I am wondering about the following question: A strictly convex (concave) differentiable function $f:\mathcal{R}\to\mathcal{R}$ has the geometrical property that its graph lies completely above (below) the tangential line at any point (except at the point of contact). Now, this is a special property of such functions but is a relaxed version of this also valid for all (not necessarily continuously) differentiable functions? More specifically, let's call $x_0$ a convex point if there is a neighborhood of $x_0$ such that
$$f(x) > f(x_0) + f'(x_0)(x- x_0)$$
for all $x$ in that neighborhood. Similarly, let's call $x_0$ concave if the reverse inequality holds for some neighborhood:
$$f(x) < f(x_0) + f'(x_0)(x- x_0)$$
Then, is it true that any non-linear differentiable function has at least one concave or convex point?

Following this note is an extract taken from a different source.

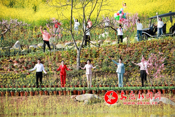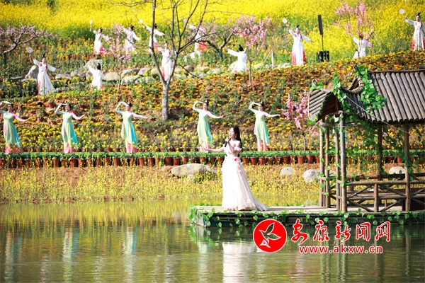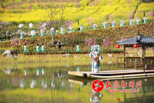 春日的水田溝村生機勃發(fā),漫山的油菜花在暖陽下爭相怒放,山坡下是一汪清澈的湖水;顒右郎骄蛣、水陸并用,將演員、舞臺、道具與水田溝村地形地貌完美融合,營造出“人在畫中游,畫在景中走”的和美景象。隨著原創(chuàng)歌曲《水田溝的油菜花》悠揚動聽的歌聲從湖面的小船傳來,活動正式拉開帷幕,獨唱《問春》、情景詩朗誦《母親河》、歌伴舞《醉美桃花源》、情景劇《桃花源記》、漢劇歌舞《喬木花》、原創(chuàng)歌曲《阿依娜》、歌伴舞《幸福安康》等精彩節(jié)目相繼上演,悠揚的歌聲、曼妙的舞姿在湖上、在油菜花田、在蜿蜒的山路漸次呈現(xiàn),將現(xiàn)場觀眾和游客迅速帶入安康桃花源美麗夢幻的油菜花海世界,沉浸式感受安康高新區(qū)產(chǎn)城綠融合發(fā)展和鄉(xiāng)村振興的顯著成效。

Full disclosure: this question was first stated as true on a different forum without any additional information or explanations. It is possible this is well-known and I have never come across this result, or that this is completely wrong. Regardless, I am hoping to get some additional information as I think this is quite a neat result either way.
Best Answer
Let $f$ be non linear in the interval $[-1,1]$. We can suppose $f(-1)=f(1)=0$ and $f(x)>0$ for some $x\in(-1,1)$. Now let $N$ be so big that the closed ball of center $(0,-N)$ and with radius $\sqrt{N^2+1}$ doesn't contain the whole graph of $f$. Let $(x_0,f(x_0))$ be one of the points of the graph furthest from $(0,-N)$. Then $f$ is concave at $x_0$.
Indeed, the whole graph of $f$ is contained in the ball of center $(0,-N)$ and boundary passing through $(x_0,f(x_0))$. This implies that the derivative of $f$ at $x_0$ has to be the slope of the tangent to that ball at $(x_0,f(x_0))$, and that tangent only intersects the graph of $f$ at $(x_0,f(x_0))$ (in fact it only intersects the ball at that one point).